▸ Assignment
I'd like the entries reproduced exactly, with all pictures omitted.

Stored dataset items
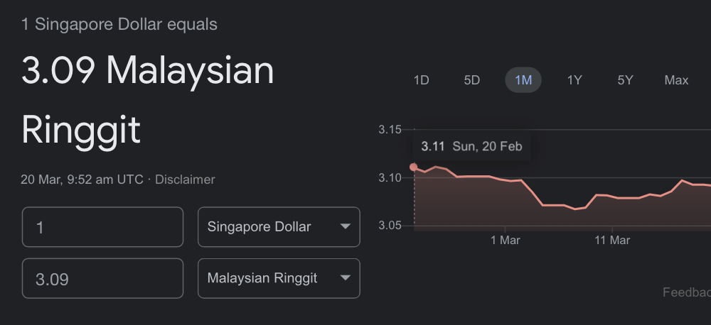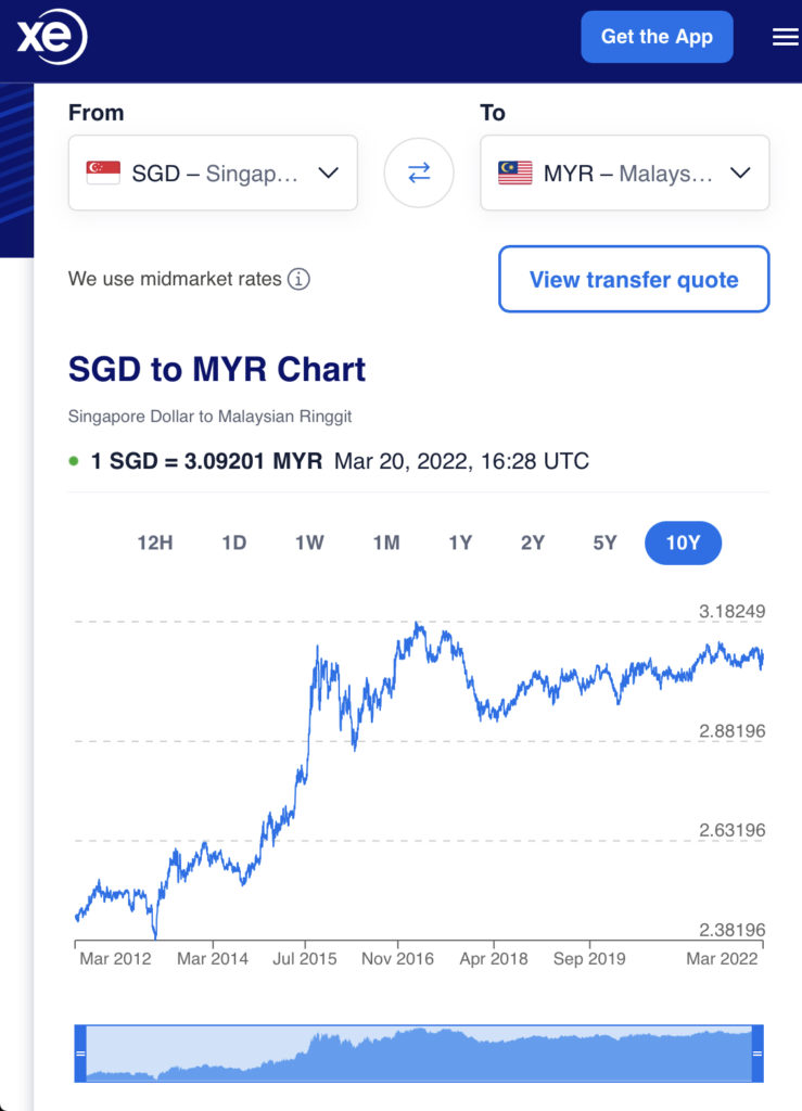Over the past ten years, the Ringgit Malaysia (RM)’s best performance against SGD was in 2013 when SGD1 was equal to RM2.38 and it’s been an embarrassing showing for Malaysians ever since. In just two years after 2013, RM became increasingly devalued against SGD that the latter had tripled the worth of RM in 2015. Furthermore, throughout the subsequent seven years, SGD1 has always been worth around RM3 on average, with the exchange rate being SGD1=RM3.09 as of 20 March 2022.
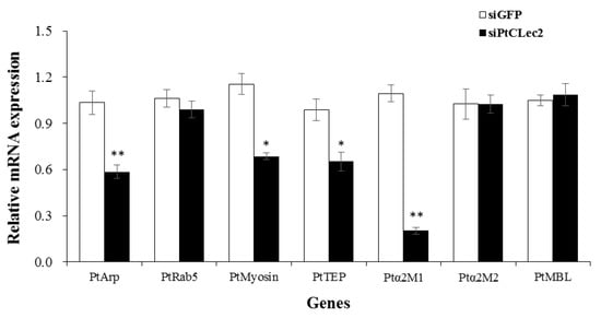 Expression levels of phagocytosis genes and complement-like genes after PtCLec2 RNAi. The control group was injected with siGFP. Error bars represent the mean ± S.D. (n = 3). Significant differences compared with control are denoted with asterisks (* p < 0.05, ** p < 0.01).
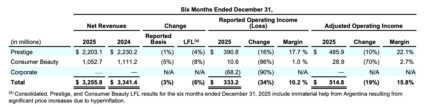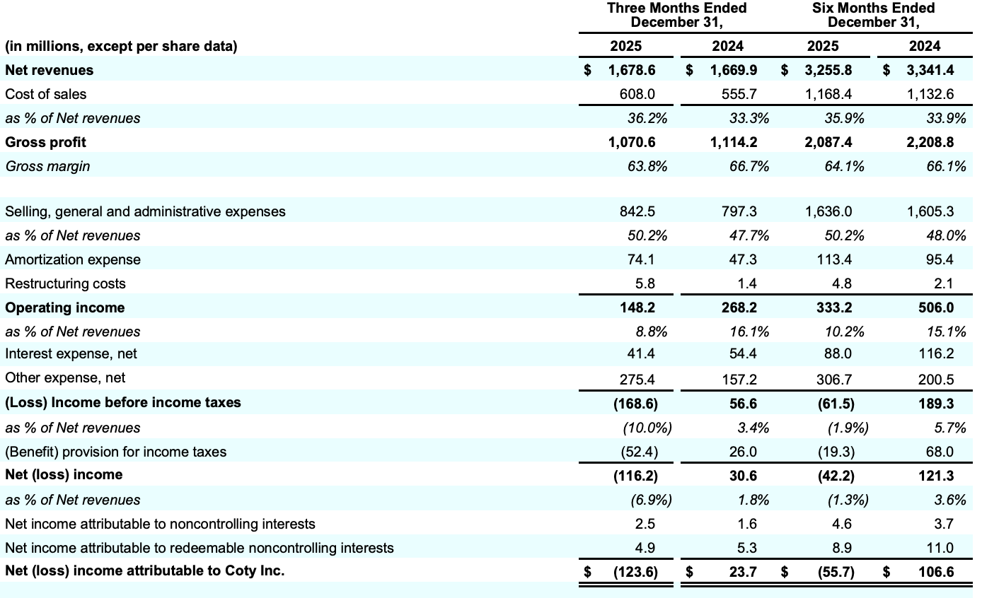 On February 5, international fragrance and beauty group Coty announced its results for the second quarter of fiscal year 2026, ended December 31, 2025: net revenues reached USD 1.678 billion, up 1% year-on-year. The company reported a net loss of USD 126.9 million, compared with net income of USD 20.4 million in the same period last year. Adjusted earnings per share were USD 0.14, up from USD 0.11 in the prior-year period.
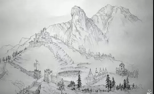 卢明远绘制的东女国王城遗址图初稿(图源:“微阿坝”微信公众号)
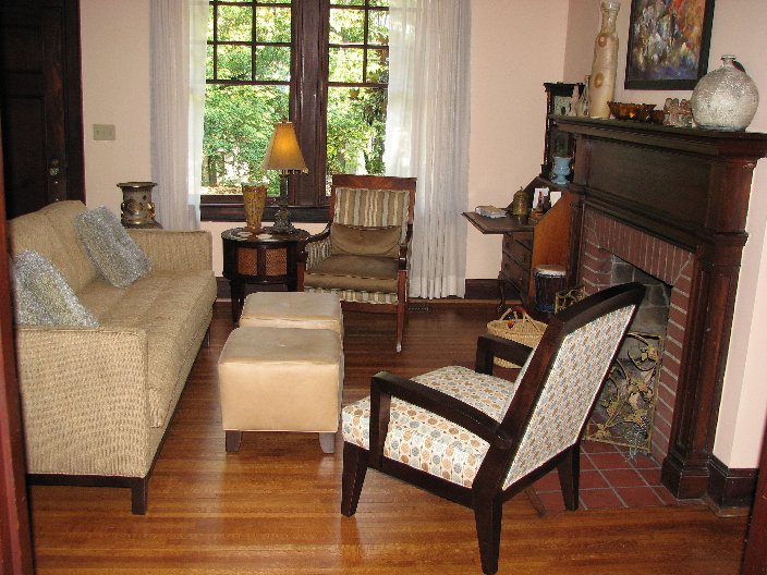 Downstairs Interior This spacious Living Room is divided into separate conversation areas and features original tiger oak flooring and a

▸ Task output
Over the past ten years, the Ringgit Malaysia (RM)’s best performance against SGD was in 2013 when SGD1 was equal to RM2.38 and it’s been an embarrassing showing for Malaysians ever since. In just two years after 2013, RM became increasingly devalued against SGD that the latter had tripled the worth of RM in 2015. Furthermore, throughout the subsequent seven years, SGD1 has always been worth around RM3 on average, with the exchange rate being SGD1=RM3.09 as of 20 March 2022.
 Expression levels of phagocytosis genes and complement-like genes after PtCLec2 RNAi. The control group was injected with siGFP. Error bars represent the mean ± S.D. (n = 3). Significant differences compared with control are denoted with asterisks (* p < 0.05, ** p < 0.01).
 On February 5, international fragrance and beauty group Coty announced its results for the second quarter of fiscal year 2026, ended December 31, 2025: net revenues reached USD 1.678 billion, up 1% year-on-year. The company reported a net loss of USD 126.9 million, compared with net income of USD 20.4 million in the same period last year. Adjusted earnings per share were USD 0.14, up from USD 0.11 in the prior-year period.
 卢明远绘制的东女国王城遗址图初稿(图源:“微阿坝”微信公众号)
 Downstairs Interior This spacious Living Room is divided into separate conversation areas and features original tiger oak flooring and a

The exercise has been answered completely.